■ **Prompt**
Every word in the data below belongs in your copy, exactly as given; the pictures do not.

■ **Collected data**

------------------------------------------------------------

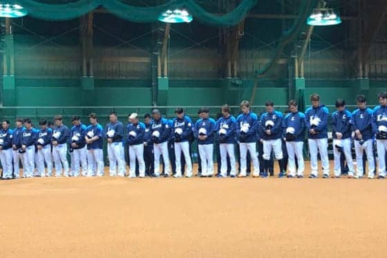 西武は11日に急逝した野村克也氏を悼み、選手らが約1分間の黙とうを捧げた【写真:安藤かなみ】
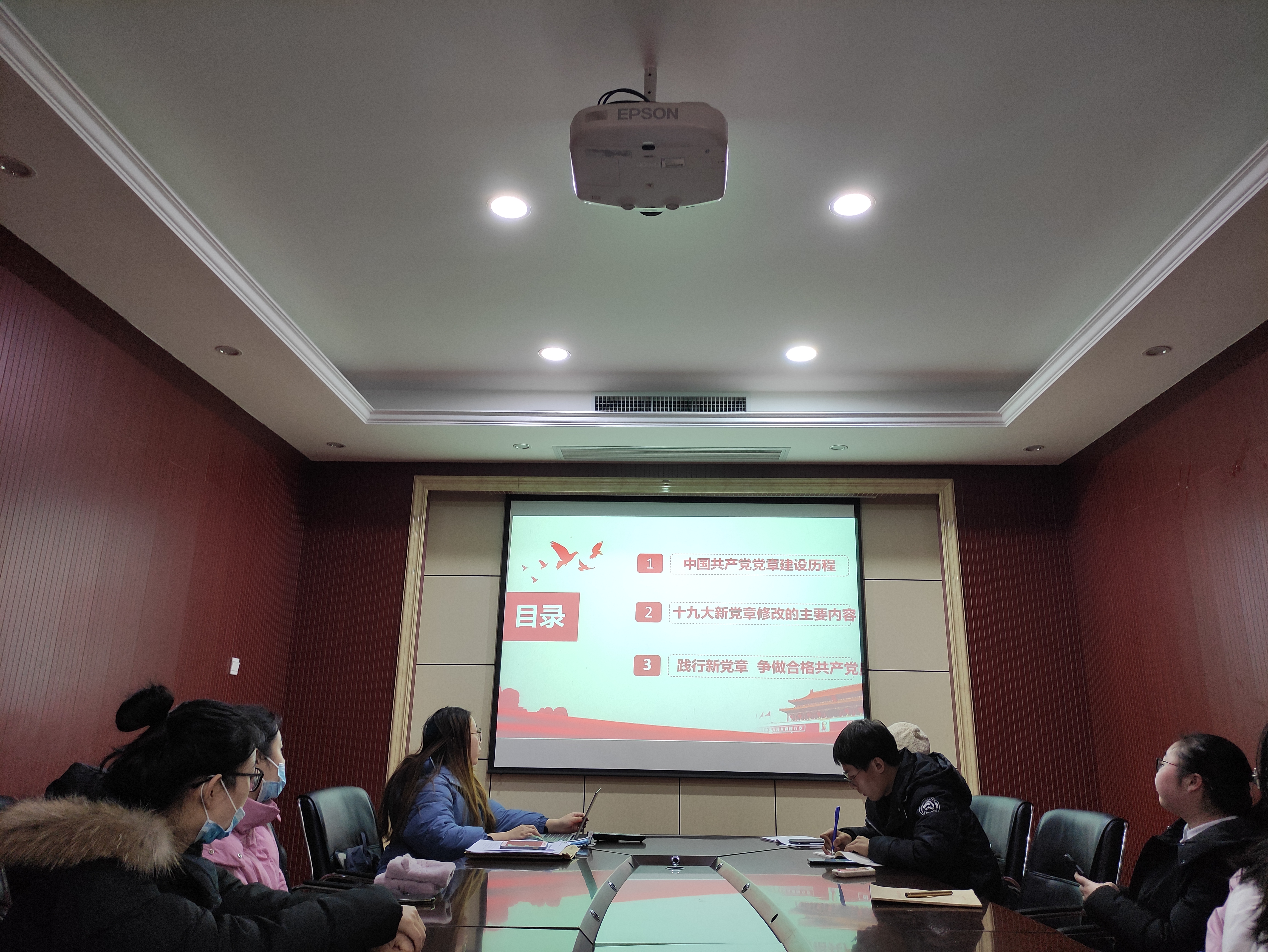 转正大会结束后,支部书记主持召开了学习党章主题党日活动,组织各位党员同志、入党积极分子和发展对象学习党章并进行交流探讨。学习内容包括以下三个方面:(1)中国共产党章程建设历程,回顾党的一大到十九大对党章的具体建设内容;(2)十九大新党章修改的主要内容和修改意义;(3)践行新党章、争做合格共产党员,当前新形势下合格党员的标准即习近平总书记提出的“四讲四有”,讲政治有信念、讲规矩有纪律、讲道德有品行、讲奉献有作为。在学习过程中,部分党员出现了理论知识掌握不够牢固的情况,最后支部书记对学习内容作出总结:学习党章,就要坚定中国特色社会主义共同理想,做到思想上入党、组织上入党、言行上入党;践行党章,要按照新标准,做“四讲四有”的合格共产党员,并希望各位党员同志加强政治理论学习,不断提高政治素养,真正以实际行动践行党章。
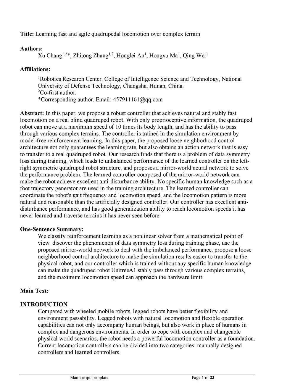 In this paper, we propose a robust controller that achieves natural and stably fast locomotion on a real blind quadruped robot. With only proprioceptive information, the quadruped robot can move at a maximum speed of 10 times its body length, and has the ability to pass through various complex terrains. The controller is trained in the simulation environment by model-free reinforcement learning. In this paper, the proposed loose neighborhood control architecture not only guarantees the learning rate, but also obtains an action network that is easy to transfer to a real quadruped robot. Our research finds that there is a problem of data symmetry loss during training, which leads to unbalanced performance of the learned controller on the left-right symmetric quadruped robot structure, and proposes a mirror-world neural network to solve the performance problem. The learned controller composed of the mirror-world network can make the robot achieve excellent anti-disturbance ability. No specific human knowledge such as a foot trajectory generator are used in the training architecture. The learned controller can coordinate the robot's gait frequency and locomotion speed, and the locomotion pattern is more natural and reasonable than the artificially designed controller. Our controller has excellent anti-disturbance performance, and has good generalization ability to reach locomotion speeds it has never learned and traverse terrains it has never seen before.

------------------------------------------------------------

■ **Written answer**
 西武は11日に急逝した野村克也氏を悼み、選手らが約1分間の黙とうを捧げた【写真:安藤かなみ】
 转正大会结束后,支部书记主持召开了学习党章主题党日活动,组织各位党员同志、入党积极分子和发展对象学习党章并进行交流探讨。学习内容包括以下三个方面:(1)中国共产党章程建设历程,回顾党的一大到十九大对党章的具体建设内容;(2)十九大新党章修改的主要内容和修改意义;(3)践行新党章、争做合格共产党员,当前新形势下合格党员的标准即习近平总书记提出的“四讲四有”,讲政治有信念、讲规矩有纪律、讲道德有品行、讲奉献有作为。在学习过程中,部分党员出现了理论知识掌握不够牢固的情况,最后支部书记对学习内容作出总结:学习党章,就要坚定中国特色社会主义共同理想,做到思想上入党、组织上入党、言行上入党;践行党章,要按照新标准,做“四讲四有”的合格共产党员,并希望各位党员同志加强政治理论学习,不断提高政治素养,真正以实际行动践行党章。
 In this paper, we propose a robust controller that achieves natural and stably fast locomotion on a real blind quadruped robot. With only proprioceptive information, the quadruped robot can move at a maximum speed of 10 times its body length, and has the ability to pass through various complex terrains. The controller is trained in the simulation environment by model-free reinforcement learning. In this paper, the proposed loose neighborhood control architecture not only guarantees the learning rate, but also obtains an action network that is easy to transfer to a real quadruped robot. Our research finds that there is a problem of data symmetry loss during training, which leads to unbalanced performance of the learned controller on the left-right symmetric quadruped robot structure, and proposes a mirror-world neural network to solve the performance problem. The learned controller composed of the mirror-world network can make the robot achieve excellent anti-disturbance ability. No specific human knowledge such as a foot trajectory generator are used in the training architecture. The learned controller can coordinate the robot's gait frequency and locomotion speed, and the locomotion pattern is more natural and reasonable than the artificially designed controller. Our controller has excellent anti-disturbance performance, and has good generalization ability to reach locomotion speeds it has never learned and traverse terrains it has never seen before.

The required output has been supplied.